## YOUR GOAL
Which lines run from the one containing "Nike Sneaker Air" through the last line of the records? Copy them exactly, leaving pictures out.

-------------------------

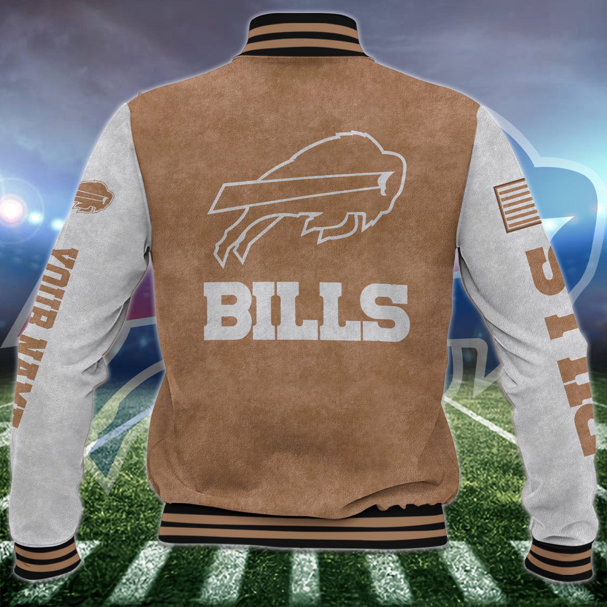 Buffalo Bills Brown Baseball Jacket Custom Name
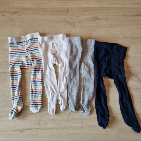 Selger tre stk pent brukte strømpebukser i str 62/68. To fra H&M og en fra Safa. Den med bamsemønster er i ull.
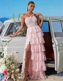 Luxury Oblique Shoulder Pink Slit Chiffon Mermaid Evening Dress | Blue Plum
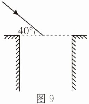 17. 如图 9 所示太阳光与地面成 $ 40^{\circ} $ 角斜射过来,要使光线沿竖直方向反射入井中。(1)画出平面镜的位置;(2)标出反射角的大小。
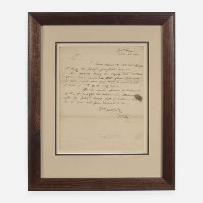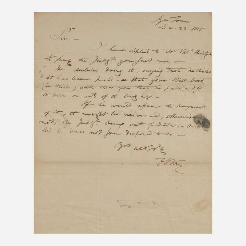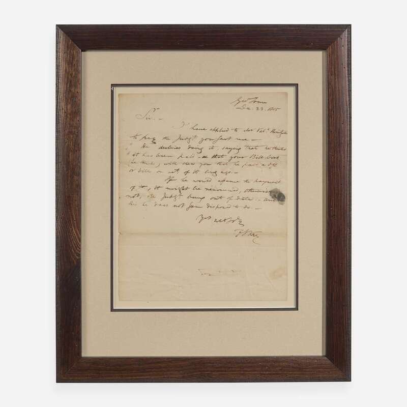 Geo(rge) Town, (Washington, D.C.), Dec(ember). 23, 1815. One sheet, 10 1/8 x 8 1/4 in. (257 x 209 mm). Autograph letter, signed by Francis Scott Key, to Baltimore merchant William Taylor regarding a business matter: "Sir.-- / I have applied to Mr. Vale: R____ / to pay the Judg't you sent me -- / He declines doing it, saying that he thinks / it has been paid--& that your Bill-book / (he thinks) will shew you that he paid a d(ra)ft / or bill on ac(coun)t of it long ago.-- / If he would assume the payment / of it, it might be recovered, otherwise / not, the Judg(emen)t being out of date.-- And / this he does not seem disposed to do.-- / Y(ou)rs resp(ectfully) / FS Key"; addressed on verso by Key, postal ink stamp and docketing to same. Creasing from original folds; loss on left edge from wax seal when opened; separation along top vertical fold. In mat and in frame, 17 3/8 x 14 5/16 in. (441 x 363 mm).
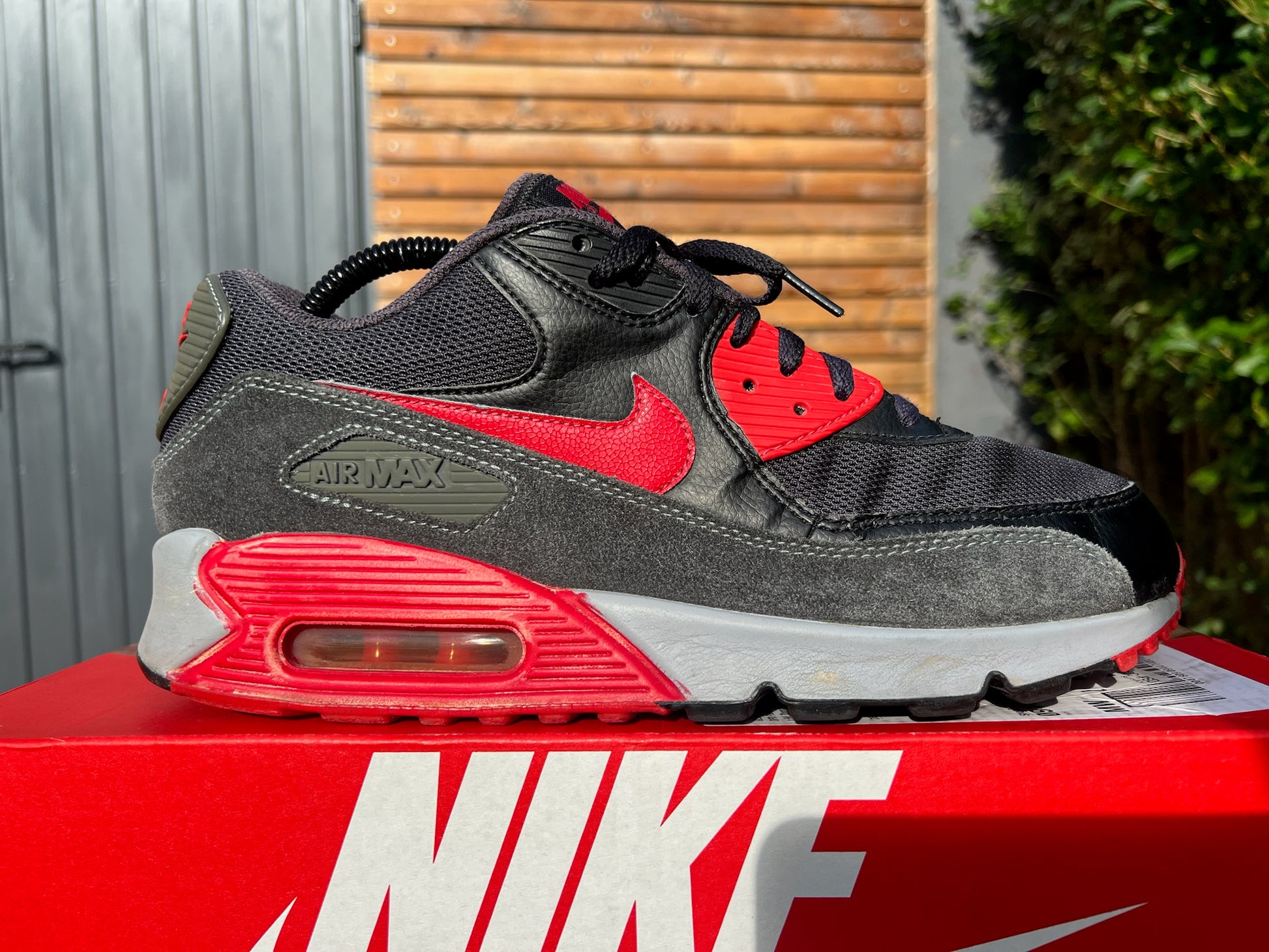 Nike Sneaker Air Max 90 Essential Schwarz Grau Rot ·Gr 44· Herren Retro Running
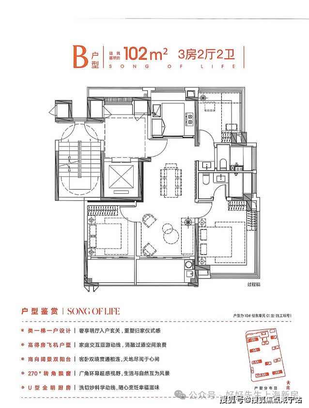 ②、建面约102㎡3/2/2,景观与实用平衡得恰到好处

-------------------------

## REPLY
 Nike Sneaker Air Max 90 Essential Schwarz Grau Rot ·Gr 44· Herren Retro Running
 ②、建面约102㎡3/2/2,景观与实用平衡得恰到好处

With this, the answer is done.